(Data extracted from a collection)
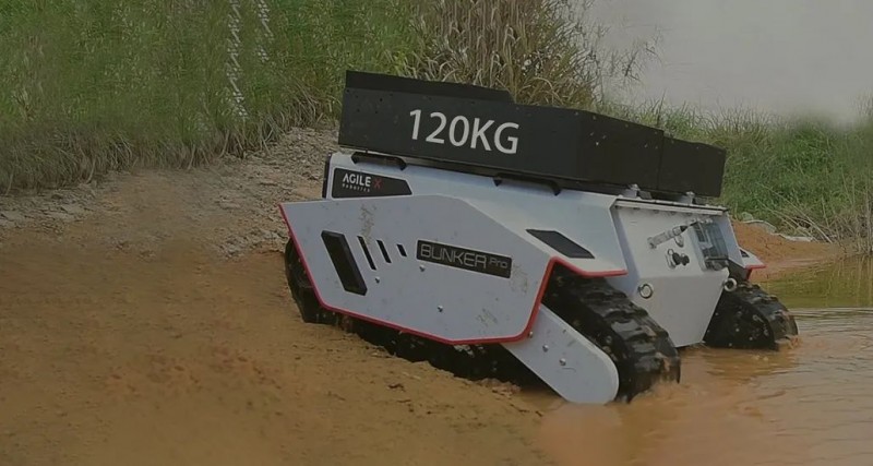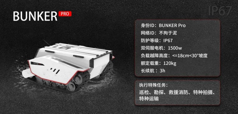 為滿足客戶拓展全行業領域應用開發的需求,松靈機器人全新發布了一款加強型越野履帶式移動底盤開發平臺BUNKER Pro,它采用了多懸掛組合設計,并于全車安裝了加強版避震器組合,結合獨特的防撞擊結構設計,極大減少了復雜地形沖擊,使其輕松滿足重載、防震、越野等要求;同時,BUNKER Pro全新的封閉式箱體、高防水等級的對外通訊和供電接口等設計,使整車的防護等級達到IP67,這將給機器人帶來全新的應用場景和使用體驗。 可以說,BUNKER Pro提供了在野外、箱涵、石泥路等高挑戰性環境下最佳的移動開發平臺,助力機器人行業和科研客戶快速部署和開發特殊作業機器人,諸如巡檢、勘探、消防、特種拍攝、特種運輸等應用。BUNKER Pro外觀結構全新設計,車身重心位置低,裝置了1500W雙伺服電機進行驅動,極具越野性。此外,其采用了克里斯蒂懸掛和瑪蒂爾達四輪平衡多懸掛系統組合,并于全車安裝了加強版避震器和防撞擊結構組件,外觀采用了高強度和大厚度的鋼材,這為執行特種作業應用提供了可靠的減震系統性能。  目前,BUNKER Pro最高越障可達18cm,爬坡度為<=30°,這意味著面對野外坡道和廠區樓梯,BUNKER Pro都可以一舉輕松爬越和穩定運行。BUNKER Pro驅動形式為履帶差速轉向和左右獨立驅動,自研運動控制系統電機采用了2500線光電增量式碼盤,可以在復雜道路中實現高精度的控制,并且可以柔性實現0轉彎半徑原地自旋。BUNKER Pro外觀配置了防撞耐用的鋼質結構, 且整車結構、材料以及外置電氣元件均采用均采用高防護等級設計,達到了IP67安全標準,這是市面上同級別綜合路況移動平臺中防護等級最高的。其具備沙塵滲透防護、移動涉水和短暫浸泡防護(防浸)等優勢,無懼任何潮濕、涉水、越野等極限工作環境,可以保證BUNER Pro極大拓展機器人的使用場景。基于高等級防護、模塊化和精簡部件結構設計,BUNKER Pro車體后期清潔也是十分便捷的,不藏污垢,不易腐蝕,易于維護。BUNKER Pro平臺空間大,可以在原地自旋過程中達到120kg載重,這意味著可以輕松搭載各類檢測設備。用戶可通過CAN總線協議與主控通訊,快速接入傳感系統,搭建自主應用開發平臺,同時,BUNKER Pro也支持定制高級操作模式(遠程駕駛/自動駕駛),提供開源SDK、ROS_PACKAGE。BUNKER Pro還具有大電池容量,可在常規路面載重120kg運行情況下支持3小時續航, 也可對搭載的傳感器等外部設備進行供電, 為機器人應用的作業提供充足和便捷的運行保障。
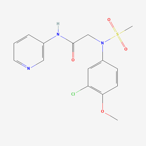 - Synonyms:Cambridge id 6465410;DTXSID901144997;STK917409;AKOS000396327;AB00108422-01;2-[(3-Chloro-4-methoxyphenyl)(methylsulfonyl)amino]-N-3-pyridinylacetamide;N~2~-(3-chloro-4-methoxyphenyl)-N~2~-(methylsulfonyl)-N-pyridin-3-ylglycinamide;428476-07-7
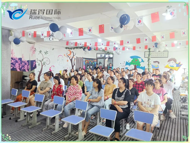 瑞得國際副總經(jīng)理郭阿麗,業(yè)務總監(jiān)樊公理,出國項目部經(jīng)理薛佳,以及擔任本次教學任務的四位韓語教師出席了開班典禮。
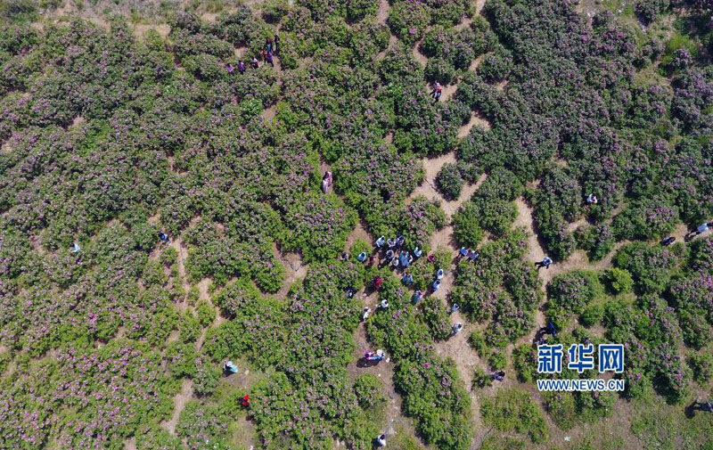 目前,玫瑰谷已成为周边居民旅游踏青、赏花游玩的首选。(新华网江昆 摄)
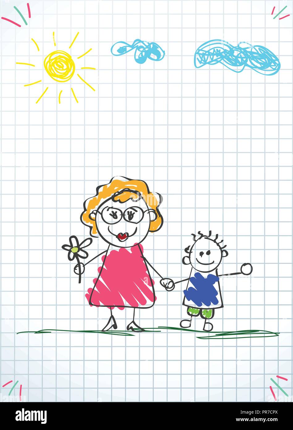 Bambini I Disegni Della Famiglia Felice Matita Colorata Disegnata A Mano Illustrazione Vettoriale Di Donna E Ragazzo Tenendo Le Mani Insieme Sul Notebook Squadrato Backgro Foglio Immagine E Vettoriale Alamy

Work request
Transcribe each entry exactly, pictures excluded.

Result of the exercise
 為滿足客戶拓展全行業領域應用開發的需求,松靈機器人全新發布了一款加強型越野履帶式移動底盤開發平臺BUNKER Pro,它采用了多懸掛組合設計,并于全車安裝了加強版避震器組合,結合獨特的防撞擊結構設計,極大減少了復雜地形沖擊,使其輕松滿足重載、防震、越野等要求;同時,BUNKER Pro全新的封閉式箱體、高防水等級的對外通訊和供電接口等設計,使整車的防護等級達到IP67,這將給機器人帶來全新的應用場景和使用體驗。 可以說,BUNKER Pro提供了在野外、箱涵、石泥路等高挑戰性環境下最佳的移動開發平臺,助力機器人行業和科研客戶快速部署和開發特殊作業機器人,諸如巡檢、勘探、消防、特種拍攝、特種運輸等應用。BUNKER Pro外觀結構全新設計,車身重心位置低,裝置了1500W雙伺服電機進行驅動,極具越野性。此外,其采用了克里斯蒂懸掛和瑪蒂爾達四輪平衡多懸掛系統組合,并于全車安裝了加強版避震器和防撞擊結構組件,外觀采用了高強度和大厚度的鋼材,這為執行特種作業應用提供了可靠的減震系統性能。  目前,BUNKER Pro最高越障可達18cm,爬坡度為<=30°,這意味著面對野外坡道和廠區樓梯,BUNKER Pro都可以一舉輕松爬越和穩定運行。BUNKER Pro驅動形式為履帶差速轉向和左右獨立驅動,自研運動控制系統電機采用了2500線光電增量式碼盤,可以在復雜道路中實現高精度的控制,并且可以柔性實現0轉彎半徑原地自旋。BUNKER Pro外觀配置了防撞耐用的鋼質結構, 且整車結構、材料以及外置電氣元件均采用均采用高防護等級設計,達到了IP67安全標準,這是市面上同級別綜合路況移動平臺中防護等級最高的。其具備沙塵滲透防護、移動涉水和短暫浸泡防護(防浸)等優勢,無懼任何潮濕、涉水、越野等極限工作環境,可以保證BUNER Pro極大拓展機器人的使用場景。基于高等級防護、模塊化和精簡部件結構設計,BUNKER Pro車體后期清潔也是十分便捷的,不藏污垢,不易腐蝕,易于維護。BUNKER Pro平臺空間大,可以在原地自旋過程中達到120kg載重,這意味著可以輕松搭載各類檢測設備。用戶可通過CAN總線協議與主控通訊,快速接入傳感系統,搭建自主應用開發平臺,同時,BUNKER Pro也支持定制高級操作模式(遠程駕駛/自動駕駛),提供開源SDK、ROS_PACKAGE。BUNKER Pro還具有大電池容量,可在常規路面載重120kg運行情況下支持3小時續航, 也可對搭載的傳感器等外部設備進行供電, 為機器人應用的作業提供充足和便捷的運行保障。
 - Synonyms:Cambridge id 6465410;DTXSID901144997;STK917409;AKOS000396327;AB00108422-01;2-[(3-Chloro-4-methoxyphenyl)(methylsulfonyl)amino]-N-3-pyridinylacetamide;N~2~-(3-chloro-4-methoxyphenyl)-N~2~-(methylsulfonyl)-N-pyridin-3-ylglycinamide;428476-07-7
 瑞得國際副總經(jīng)理郭阿麗,業(yè)務總監(jiān)樊公理,出國項目部經(jīng)理薛佳,以及擔任本次教學任務的四位韓語教師出席了開班典禮。
 目前,玫瑰谷已成为周边居民旅游踏青、赏花游玩的首选。(新华网江昆 摄)
 Bambini I Disegni Della Famiglia Felice Matita Colorata Disegnata A Mano Illustrazione Vettoriale Di Donna E Ragazzo Tenendo Le Mani Insieme Sul Notebook Squadrato Backgro Foglio Immagine E Vettoriale Alamy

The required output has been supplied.